A moment ago hundreds of faces were smiling, hundreds of eyes were bright, hundreds of cheeks were flushed. Now there is not a single smile or a trace of brightness, or a bit of color on a face in the valley. Such is the woful change wrought in every household, as the successive reports of the heavily-charged pieces sound through the village, and penetrate to the farthest outlying farmhouse. The first shot may well be an accident, the second may possibly be, but as the third inexorably follows, husbands and wives, brothers and sisters, parents and sons, look at each other with blanched faces, and instantly a hundred scenes of quiet preparation for meeting, are transformed into the confusion of a very different kind of preparation. Catechisms are dropped for muskets, and Bibles fall unnoticed under foot, as men spring for their haversacks and powder-horns. For those three guns summon the minute men to be on the march for Bennington. All the afternoon before, the roar of cannon has faintly sounded from the northward, and the people knew that Stark was meeting Baum and his Hessians, on the Hoosac. One detachment of Stockbridge men is already with him. Does this new summons mean disaster? Has the dreaded foe made good his boasted invincibility? No one knows, not even the exhausted messenger, for he was sent off by Stark, while yet the issue of yesterday's battle trembled in the balance.
“It's kinder suddin. I wuz in hopes the boys wouldn' hev to go, bein as they wuz a fightin yisdy,” quavered old Elnathan Hamlin, as he trotted about, helplessly trying to help, and only hindering Mrs. Hamlin, as with white face, but deft hands, and quick eyes, she was getting her two boys ready, filling their haversacks, sewing a button here, tightening a buckle there, and looking to everything.
“Ye must tak keer o' Reub, Perez. He ain't so rugged 'zye be. By rights, he orter ha stayed to hum.”
“Oh, I'm as stout as Perez. I can wrastle him. Don't fret about me,” said Reuben, with attempted gayety, though his boyish lip quivered as he looked at his mother's face, noting how she did not meet his eye, lest she should lose her self-control, and not be able to do anything more.
“I'll look after the boy, never fear,” said Perez, slapping his brother on the back. “I'll fetch him back a General, as big a man as Squire Woodbridge.”
“I dunno what 'n time I shall dew 'bout gittin in the crops,” whimpered Elnathan. “I can't dew it 'lone, nohow. Seems though my rheumatiz wuz wuss 'n ever, this las' spell o' weather.”
“There goes Abner Rathbun, and George Fennell,” cried Perez. “Time we were off. Good-bye mother. There! There! Don't you cry, mother. We'll be back all right. Got your gun, Reub? Good-bye father. Come on,” and the boys were off.
In seeming sympathy with the sudden grief that has fallen on the village, the bright promise of the morning has given place in the last hour to one of those sudden rain storms to which a mountainous region is always liable, and a cold drizzle is now falling.
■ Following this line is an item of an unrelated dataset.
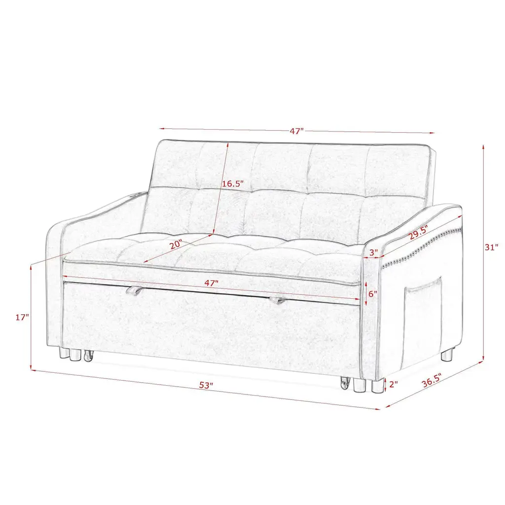 Description:Introducing our Mid-Century Style Double Sofa, a perfect fusion of timeless elegance and modern functionality. The sofa’s wavy armrests and copper nail detailing provide a sophisticated touch that enhances any decor. Transform your space effortlessly with the versatile pull-out bed feature, ideal for accommodating guests or children. Designed with convenience in mind, this sofa includes USB and Type-C charging ports for seamless device connectivity, and side storage pockets to keep essentials within reach. The adjustable backrest offers three reclining positions, ensuring comfort whether you’re lounging, reading, or napping. Perfect for living rooms, bedrooms, dorms, and apartments, this multifunctional sofa effortlessly fits into any setting.Features:Specifications:Product Type: Loveseat/Sofa BedUpholstery Material: VelvetFrame Material: Solid Wood + Faux WoodFrame Material Details: Solid Wood and PlywoodLeg Material: PlasticSeat Filling Material: FoamSeat Structure: Bending SpringBack Filling Material: FoamDimensions:Overall Sofa Length: 47" x 53" x 31"Sleeper Dimensions: 69" x 45" x 16.5"Back Height - Seat to Top of Back 16.5"Arm Height - Floor to Arm:22.5"Seat Height - Floor to Seat:17"Leg Height - Top to Bottom: 2"Cushion Thickness: 6"Net Product Weight: 112 lbsPackaging Weight: 115 lbsWeight Capacity: 250 lbs/Seat
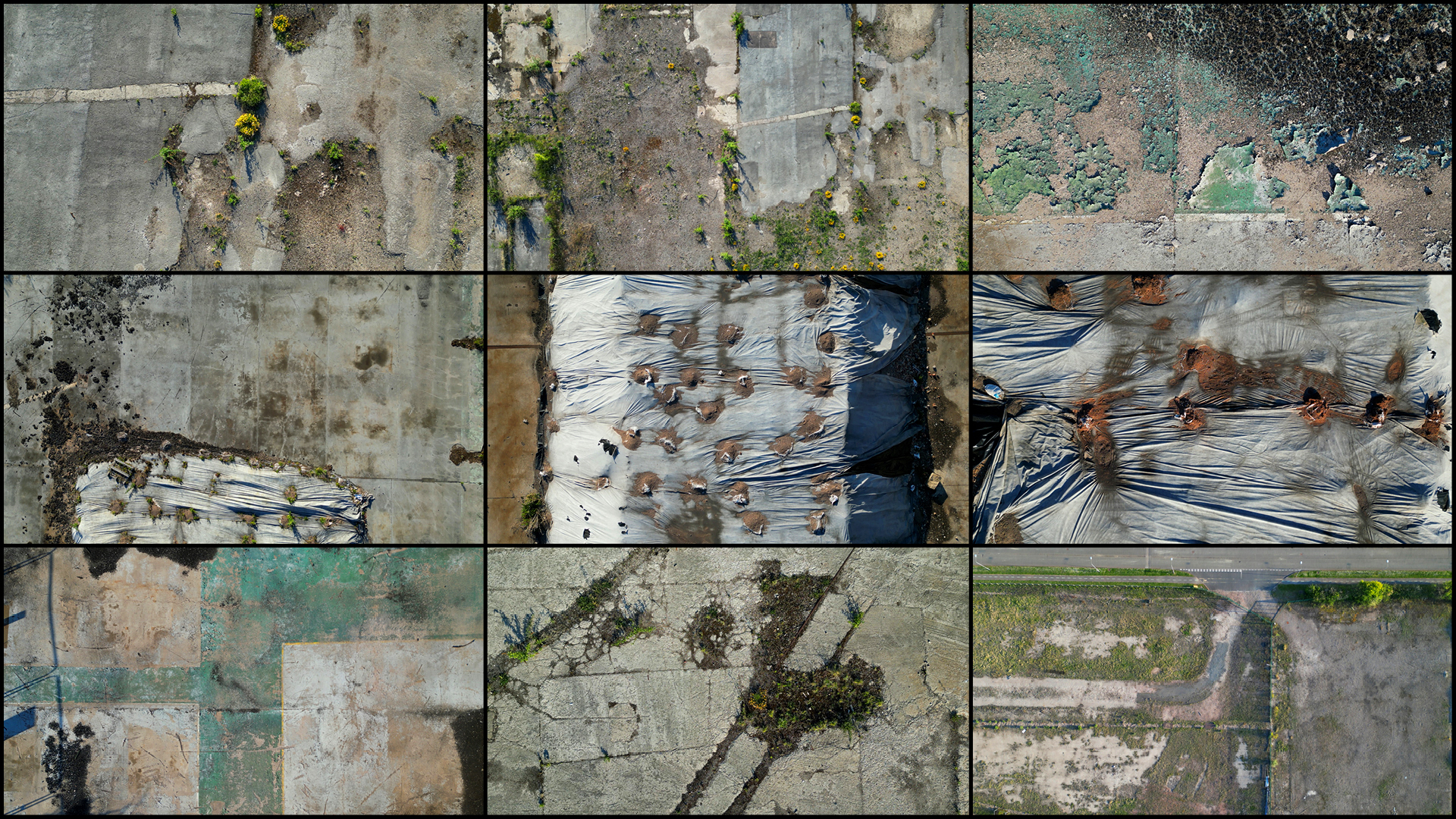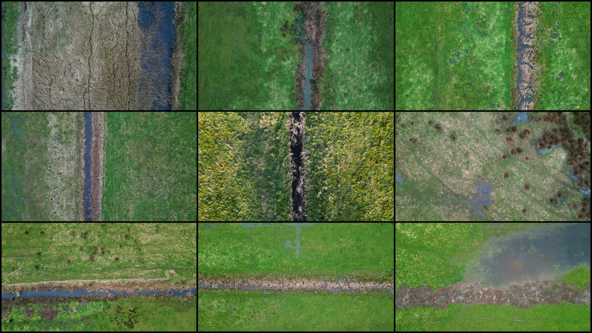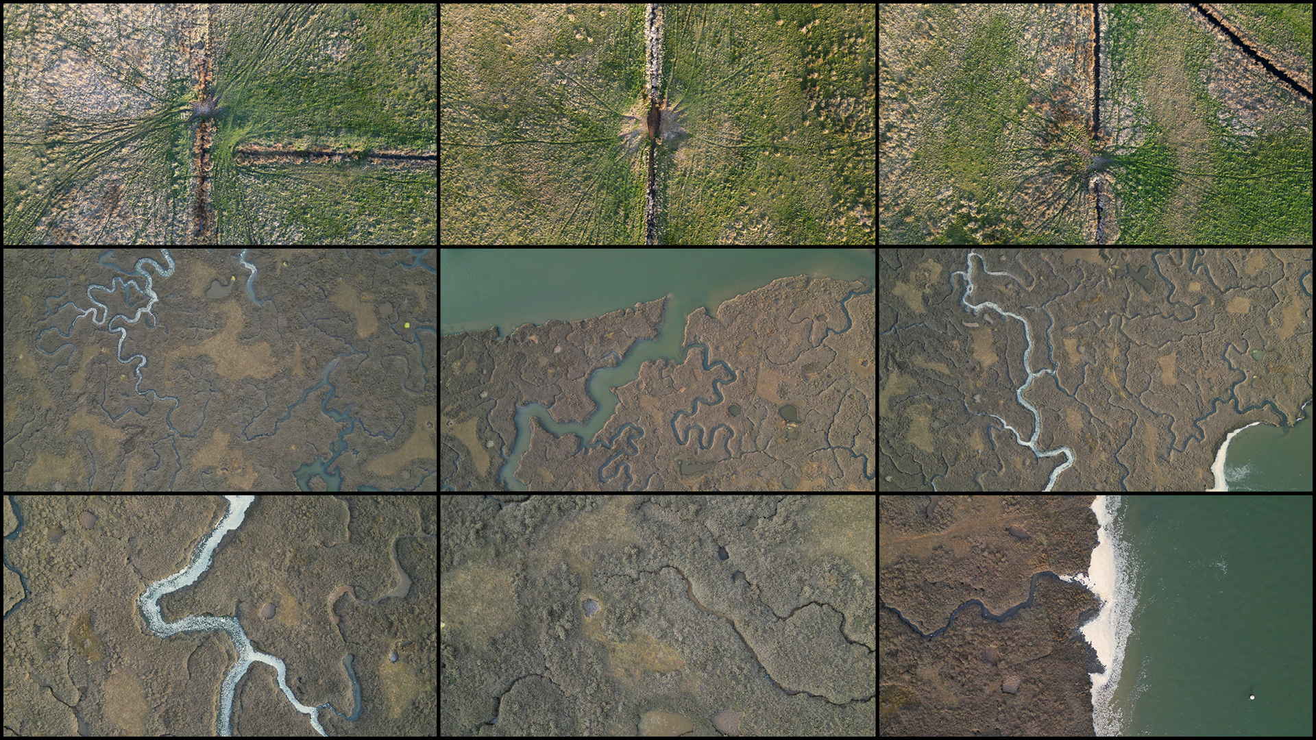 As part of this larger project, Allen focused on gathering of a large amount of aerial drone footage that he filmed himself across the UK between 2022 and 2025. This archive covers 12 distinct landscape typologies: coastal, geological, rivers, wetlands, greenfield, forests, agricultural, Earthworks, brownfield, industrial, transport, and suburban, with a large collection of new footage filmed in 2024 and 2025 in East Anglia and the Norfolk Broads.

But that does not hinder every one who has friends among the departing soldiers, or sympathy with the cause represented, from gathering on the green to witness the muster and march of the men. All the leading men and the officials of the town and parish are there, including the two Indian selectmen, Johannes Metoxin and Joseph Sauquesquot. Squire Edwards, Deacon Nash, Squire Williams and Captain Josiah Jones, brother-in-law of Squire Woodbridge, are going about among the tearful groups, of one of which each soldier is a centre, reassuring and encouraging both those who go, and those who stay, the ones with the promise that their wives and children and parents shall be looked after and cared for, the others with confident talk of victory and speedy reunions.
Squire Edwards tells Elnathan, who with Mrs. Hamlin has come down to the green, that he needn't fret about the mortgage on his house, and Deacon Nash tells him that he'll see that his crops are saved, and George Fennell, who, with his wife and daughter, stands by, is assured by the Squire, that they shall have what they want from the store. There is not a plough-boy among the minute men who is not honored today with a cordial word or two, or at least a smile, from the magnates who never before have recognized his existence.
And proud in her tears, to-day, is the girl who has a sweetheart among the soldiers. Shy girls, who for fear of being laughed at, have kept a secret of their inclinations, now grown suddenly bold, cry, as they talk with their lovers, and refuse not the parting kiss. Desire Edwards, the Squire's daughter, as she moves among the groups, and sees these things, is stirred with envy and thinks she would give anything if she, too, had a sweetheart to bid good-bye to. But she is only fifteen, and Squire Edwards' daughter, moreover, to whom no rustic swain dares pretend. Then she bethinks herself that one has timidly, enough, so pretended. She knows that Elnathan Hamlin's son, Perez, is dreadfully in love with her. He is better bred than the other boys, but after all he is only a farmer's son, and while pleased with his conquest as a testimony to her immature charms, she has looked down upon him as quite an inferior order of being to herself. But just now he appears to her in the desirable light of somebody to bid good-bye to, to the end that she may be on a par with the other girls whom she so envies. So she looks about for Perez.